- SOURCE DATA
--- --- ---
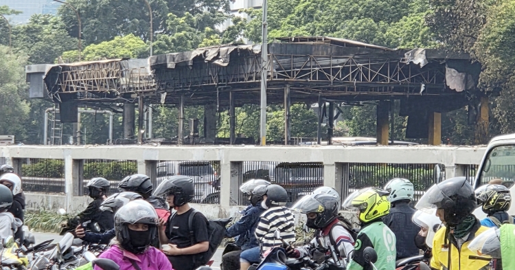 (자카르타=연합뉴스) 손현규 특파원 = 지난 1일(현지시간) 인도네시아 수도 자카르타 중심부인 스나얀에 들어서자 차창 밖으로 완전히 불에 탄 버스 정류장이 먼저 보였다. 평일에도 많은 승객이 모이는 곳이지만 뼈대만 남은 채 흉물이 돼 있었다.
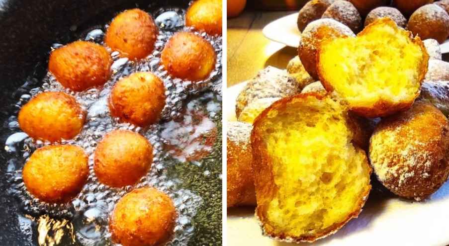 А что дальше? Разогрейте растительное масло в большой глубокой сковороде до 180 градусов. Положите туда шарики так, чтобы оставалось немного места, так как тесто увеличится в объеме во время жарки.
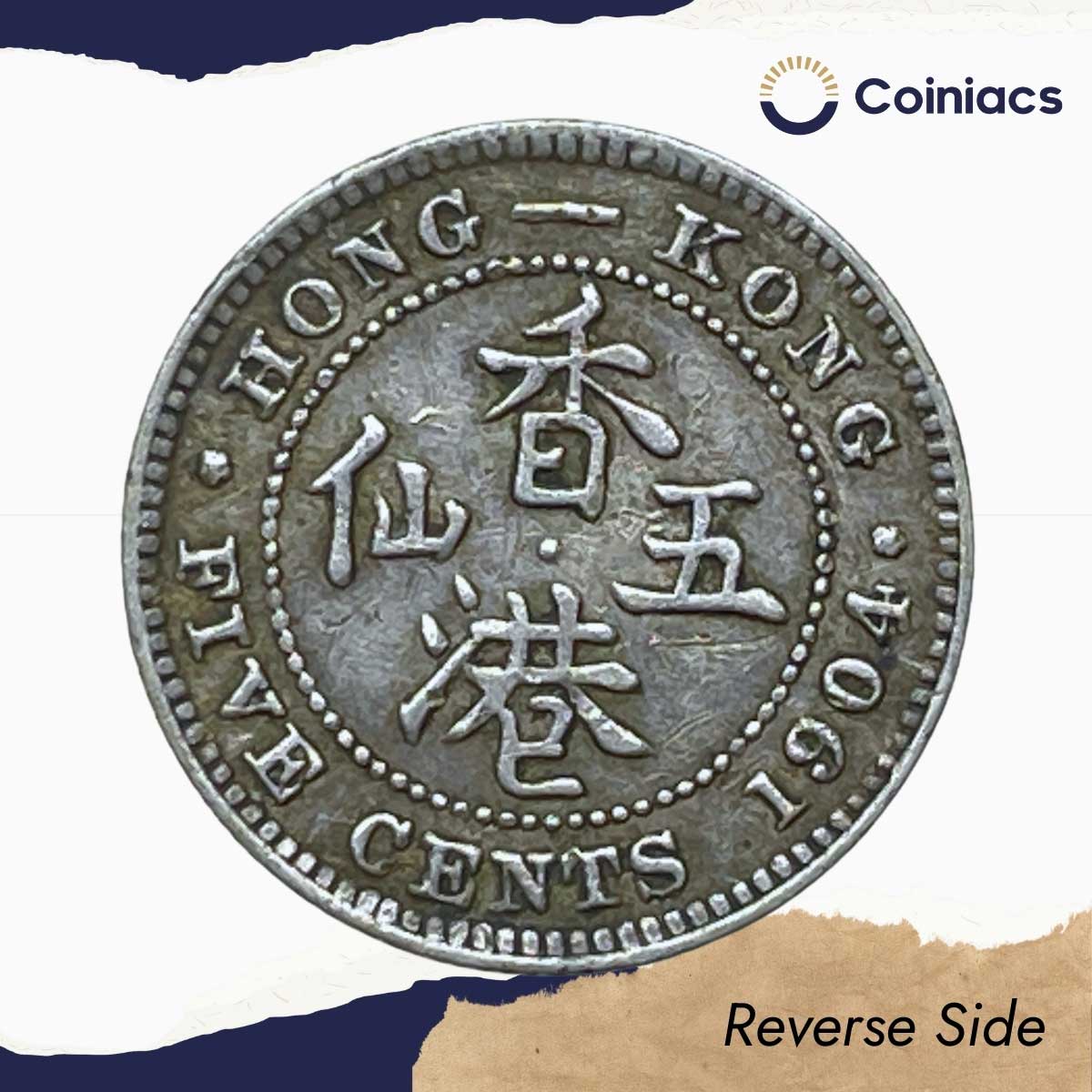 Five Cents Edward VII 1904 CE Royal Mint (Tower Hill) Silver Coin, Hong Kong, XF+.
--- --- ---
- PROBLEM TO SOLVE
Copy the listing exactly, omitting pictures.

- EXERCISE OUTPUT
 (자카르타=연합뉴스) 손현규 특파원 = 지난 1일(현지시간) 인도네시아 수도 자카르타 중심부인 스나얀에 들어서자 차창 밖으로 완전히 불에 탄 버스 정류장이 먼저 보였다. 평일에도 많은 승객이 모이는 곳이지만 뼈대만 남은 채 흉물이 돼 있었다.
 А что дальше? Разогрейте растительное масло в большой глубокой сковороде до 180 градусов. Положите туда шарики так, чтобы оставалось немного места, так как тесто увеличится в объеме во время жарки.
 Five Cents Edward VII 1904 CE Royal Mint (Tower Hill) Silver Coin, Hong Kong, XF+.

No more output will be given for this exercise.